● About this exercise:
Only the text of the records, copied exactly, is wanted; no pictures.

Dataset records
■ ■ ■ ■

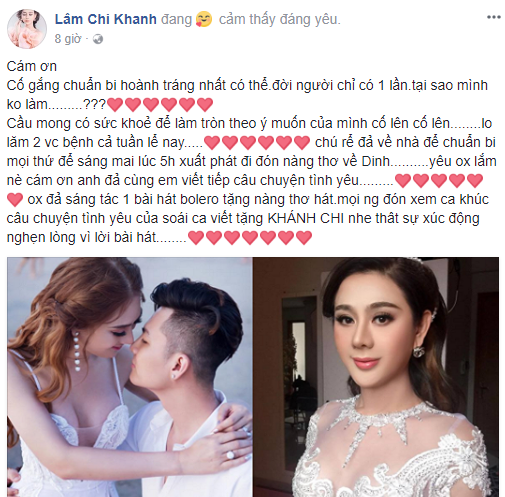 Sau lễ rước dâu được tổ chức vào sáng 28/12 tại Long Hải, hôn lễ chính thức của ca sĩ Lâm Khánh Chi và bạn trai sẽ diễn ra vào ngày 11/1 ở một trung tâm tiệc cưới lớn thuộc quận 4, TP.HCM.
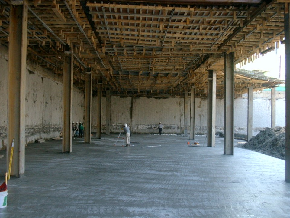 지하층을 굴착하고 있는 사진입니다. 지상 1층 거푸집이 떠있는 것을 볼 수 있습니다.
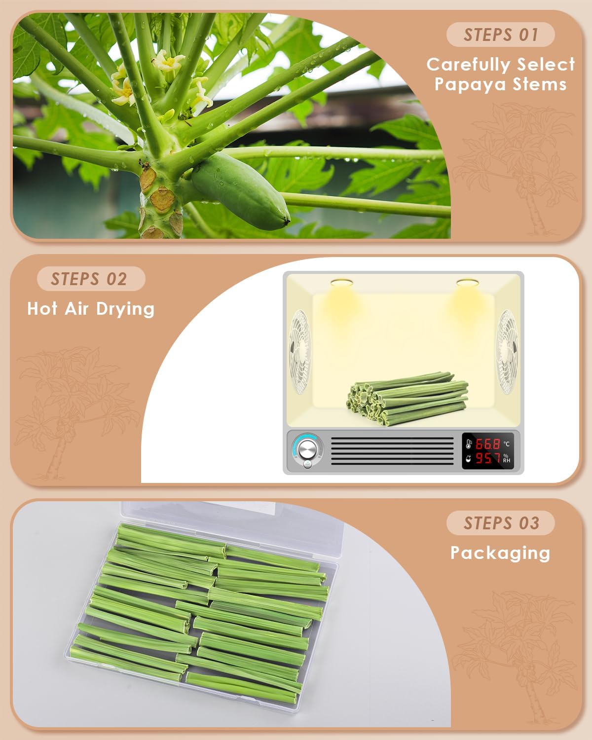 - Sealed Snack Packaging: Guinea Pigs chew sticks grow in the natural environment and are produced through the process of felling → pruning → washing → drying → sorting → packaging. When packing, choose high-quality and dry a suitable size papaya stem stick then put it in a bag to ensure Long term storage without spoilage
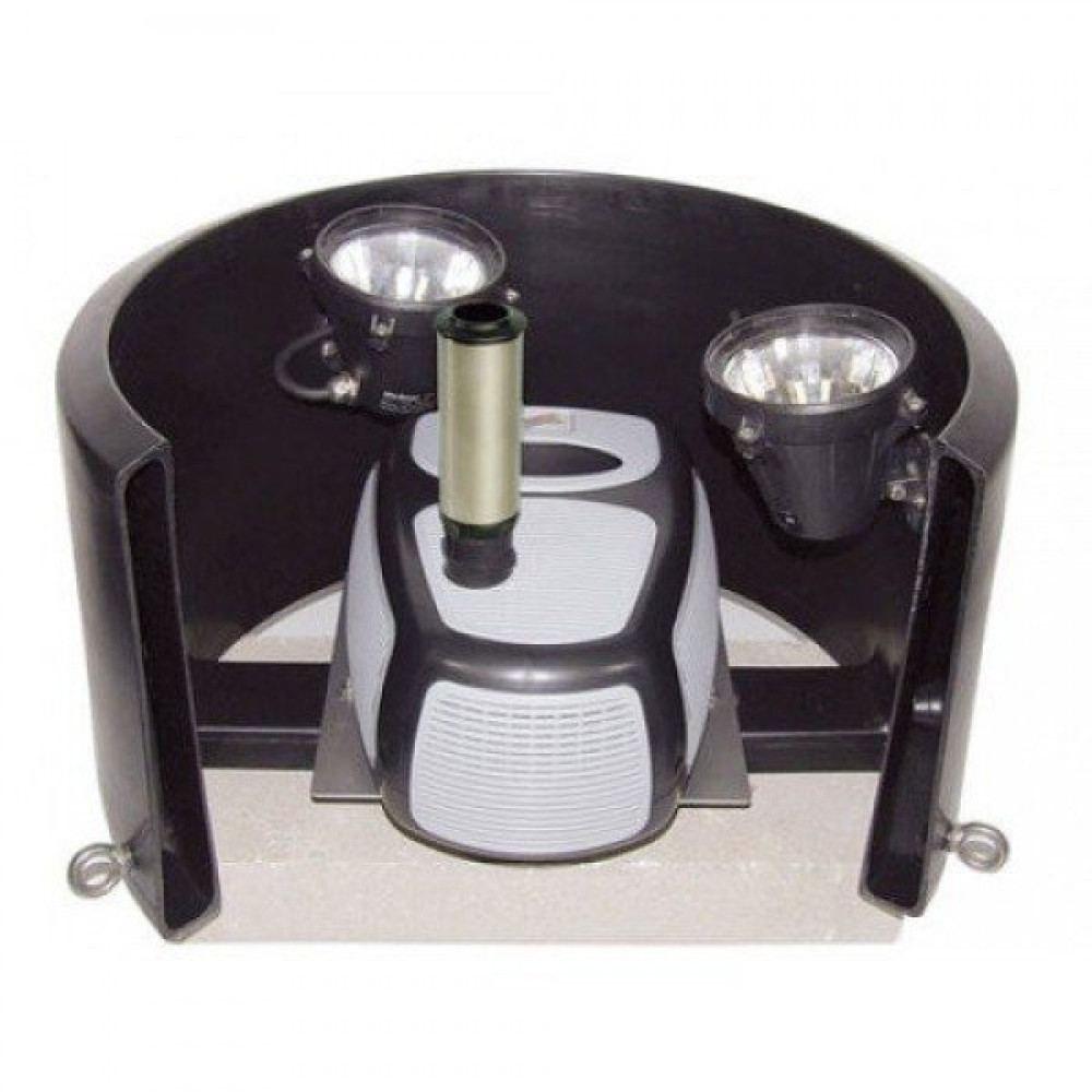 Готовая фонтанная установка с автоматической сменой водных картин за счет последовательного переключения встроенного гидравлического клапана. Бесступенчатое регулирование продолжительности действия каждой из водных картин, простые регулировки для установки высоты каждого фонтана. Имеется встроенная подводная подсветка с четырьмя светофильтрами разных цветов. Устанавливается в любую подходящую емкость и начинает работать сразу же после включения в электрическую сеть.
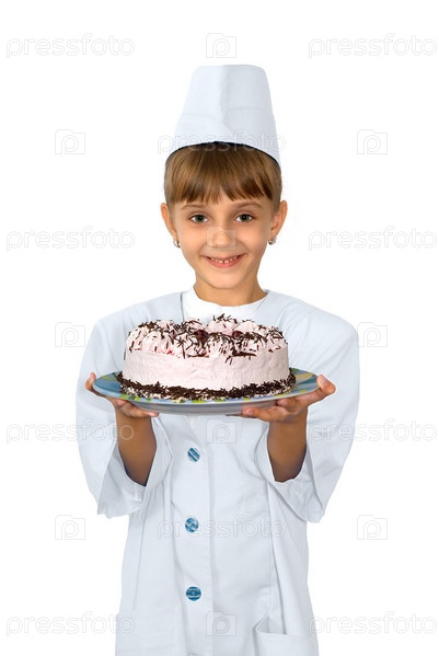 Девочка в белом халате и колпаке с тортом на белом фоне

■ ■ ■ ■

● Expected answer:
 Sau lễ rước dâu được tổ chức vào sáng 28/12 tại Long Hải, hôn lễ chính thức của ca sĩ Lâm Khánh Chi và bạn trai sẽ diễn ra vào ngày 11/1 ở một trung tâm tiệc cưới lớn thuộc quận 4, TP.HCM.
 지하층을 굴착하고 있는 사진입니다. 지상 1층 거푸집이 떠있는 것을 볼 수 있습니다.
 - Sealed Snack Packaging: Guinea Pigs chew sticks grow in the natural environment and are produced through the process of felling → pruning → washing → drying → sorting → packaging. When packing, choose high-quality and dry a suitable size papaya stem stick then put it in a bag to ensure Long term storage without spoilage
 Готовая фонтанная установка с автоматической сменой водных картин за счет последовательного переключения встроенного гидравлического клапана. Бесступенчатое регулирование продолжительности действия каждой из водных картин, простые регулировки для установки высоты каждого фонтана. Имеется встроенная подводная подсветка с четырьмя светофильтрами разных цветов. Устанавливается в любую подходящую емкость и начинает работать сразу же после включения в электрическую сеть.
 Девочка в белом халате и колпаке с тортом на белом фоне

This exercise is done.